::: MATERIAL FOR THE TASK

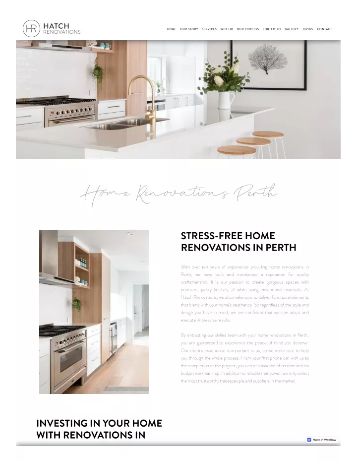 HOME OUR STORY SERVICES WHY HR OUR PROCESS PORTFOLIO GALLERY BLOGS CONTACT H ome R enova t ions P er t h STRESS-FREE HOME RENOVATIONS IN PERTH With over ten years of experience providing home renovations in Perth, we have built and maintained a reputation for quality craftsmanship. It is our passion to create gorgeous spaces with premium quality finishes, all while using exceptional materials. At Hatch Renovations, we also make sure to deliver functional elements that blend with your home’s aesthetics. So regardless of the style and design you have in mind, we are confident that we can adapt and execute impressive results. By entrusting our skilled team with your home renovations in Perth, you are guaranteed to experience the peace of mind you deserve. Our client’s experience is important to us, so we make sure to help you through the whole process. From your first phone call with us to the completion of the project, you can rest assured of on time and on budget workmanship. In addition to reliable manpower, we only select the most trustworthy tradespeople and suppliers in the market. INVESTING IN YOUR HOME WITH RENOVATIONS IN
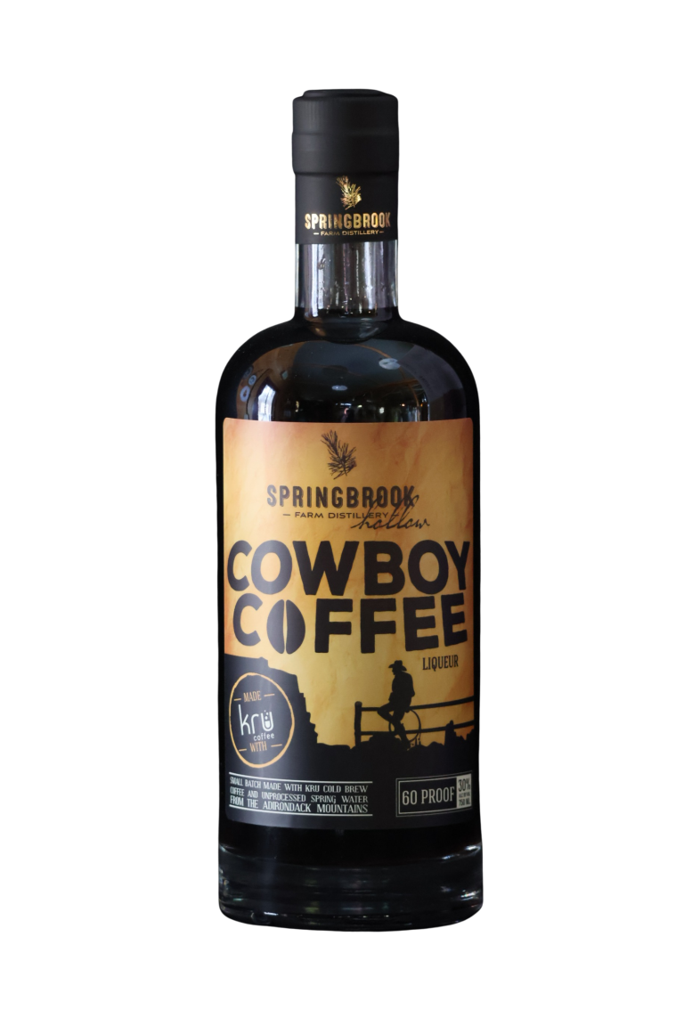 One of our best creations to date, our cowboy coffee is delicious. We use Madagascar vanilla beans, locally roasted cold brew coffee from Kru Coffee of Saratoga Springs, New York and of course unprocessed Adirondack spring water to craft this unique spirit. Enjoy it on the rocks or to create an amazing cocktail from White Russians to Espresso Martinis, our signature Gunslinger Cocktail is sure to be a hit at any occasion.
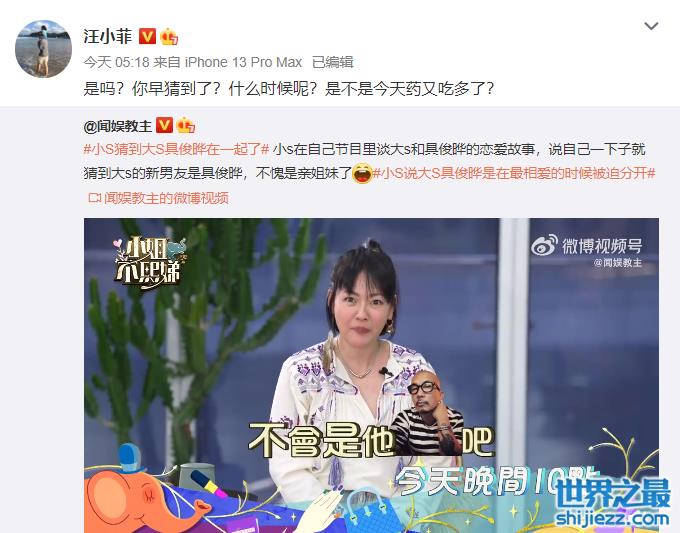 3月30日一大早,汪小菲就开始直接怒怼小S,只因为小S在视频中提到大S和新姐夫具俊晔的爱情。之后,汪小菲就把小S取关,还在评论区接着吐槽,怒斥小S天天蹦跶,嘚瑟,并让小S别欺人太甚,直接跟前小姨子闹掰。
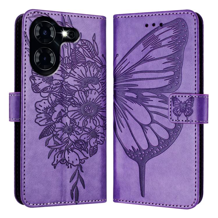 Funda de piel con diseño de mariposa en relieve para Tecno Pova 5 4G (morado claro)
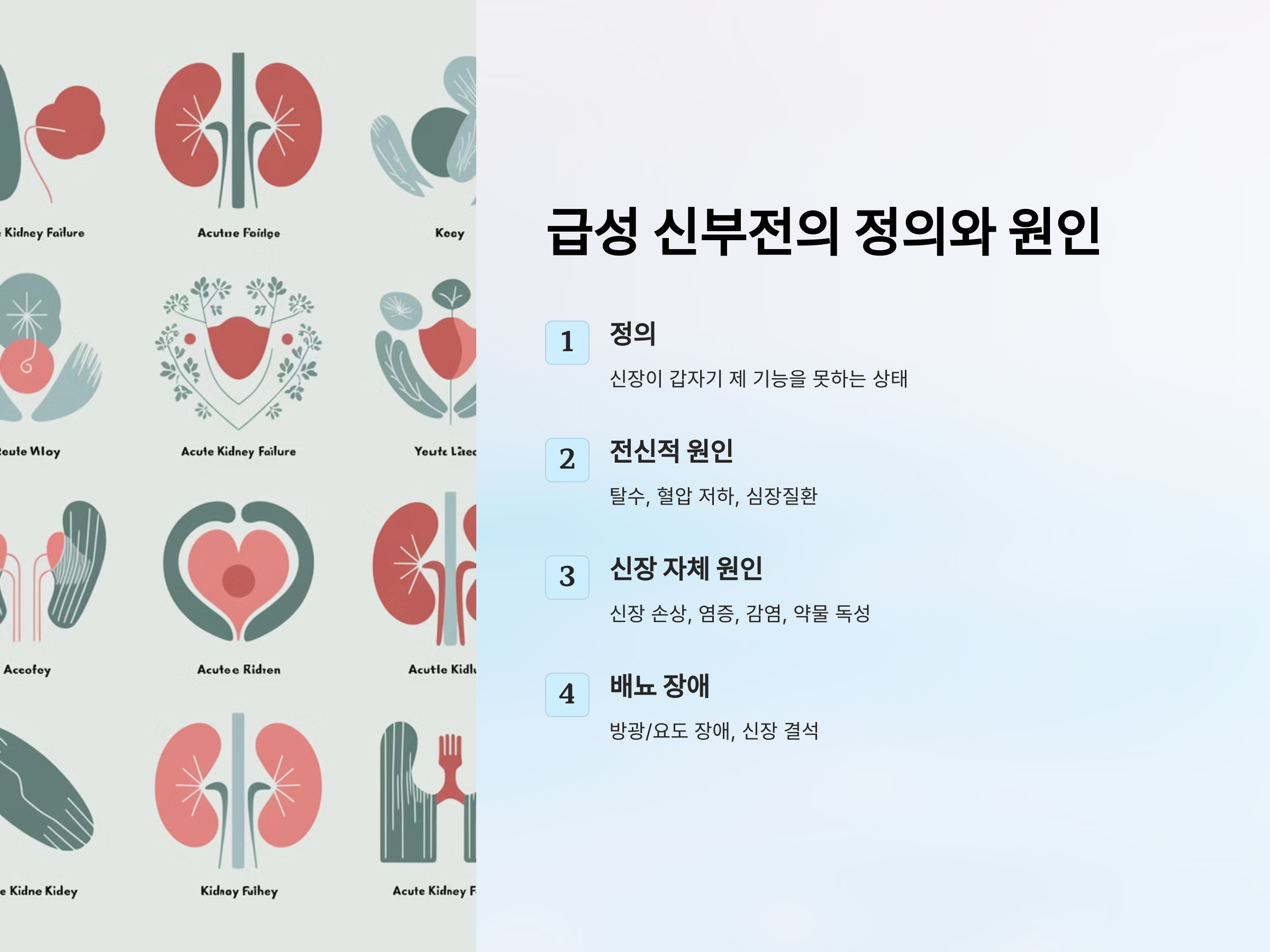 - 전신적 원인: 심한 탈수, 혈압 저하, 심장질환, 대사 이상 등이 신장으로 가는 혈류를 줄여 급성 신부전을 유발할 수 있습니다.
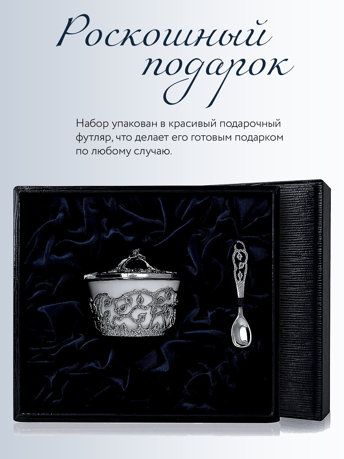 Солонка Аргента "Листопад" с чернением в футляре Серебро и фарфор интересное:

::::::

Exactly as they appear above, give the records again, without their pictures.

 HOME OUR STORY SERVICES WHY HR OUR PROCESS PORTFOLIO GALLERY BLOGS CONTACT H ome R enova t ions P er t h STRESS-FREE HOME RENOVATIONS IN PERTH With over ten years of experience providing home renovations in Perth, we have built and maintained a reputation for quality craftsmanship. It is our passion to create gorgeous spaces with premium quality finishes, all while using exceptional materials. At Hatch Renovations, we also make sure to deliver functional elements that blend with your home’s aesthetics. So regardless of the style and design you have in mind, we are confident that we can adapt and execute impressive results. By entrusting our skilled team with your home renovations in Perth, you are guaranteed to experience the peace of mind you deserve. Our client’s experience is important to us, so we make sure to help you through the whole process. From your first phone call with us to the completion of the project, you can rest assured of on time and on budget workmanship. In addition to reliable manpower, we only select the most trustworthy tradespeople and suppliers in the market. INVESTING IN YOUR HOME WITH RENOVATIONS IN
 One of our best creations to date, our cowboy coffee is delicious. We use Madagascar vanilla beans, locally roasted cold brew coffee from Kru Coffee of Saratoga Springs, New York and of course unprocessed Adirondack spring water to craft this unique spirit. Enjoy it on the rocks or to create an amazing cocktail from White Russians to Espresso Martinis, our signature Gunslinger Cocktail is sure to be a hit at any occasion.
 3月30日一大早,汪小菲就开始直接怒怼小S,只因为小S在视频中提到大S和新姐夫具俊晔的爱情。之后,汪小菲就把小S取关,还在评论区接着吐槽,怒斥小S天天蹦跶,嘚瑟,并让小S别欺人太甚,直接跟前小姨子闹掰。
 Funda de piel con diseño de mariposa en relieve para Tecno Pova 5 4G (morado claro)
 - 전신적 원인: 심한 탈수, 혈압 저하, 심장질환, 대사 이상 등이 신장으로 가는 혈류를 줄여 급성 신부전을 유발할 수 있습니다.
 Солонка Аргента "Листопад" с чернением в футляре Серебро и фарфор интересное:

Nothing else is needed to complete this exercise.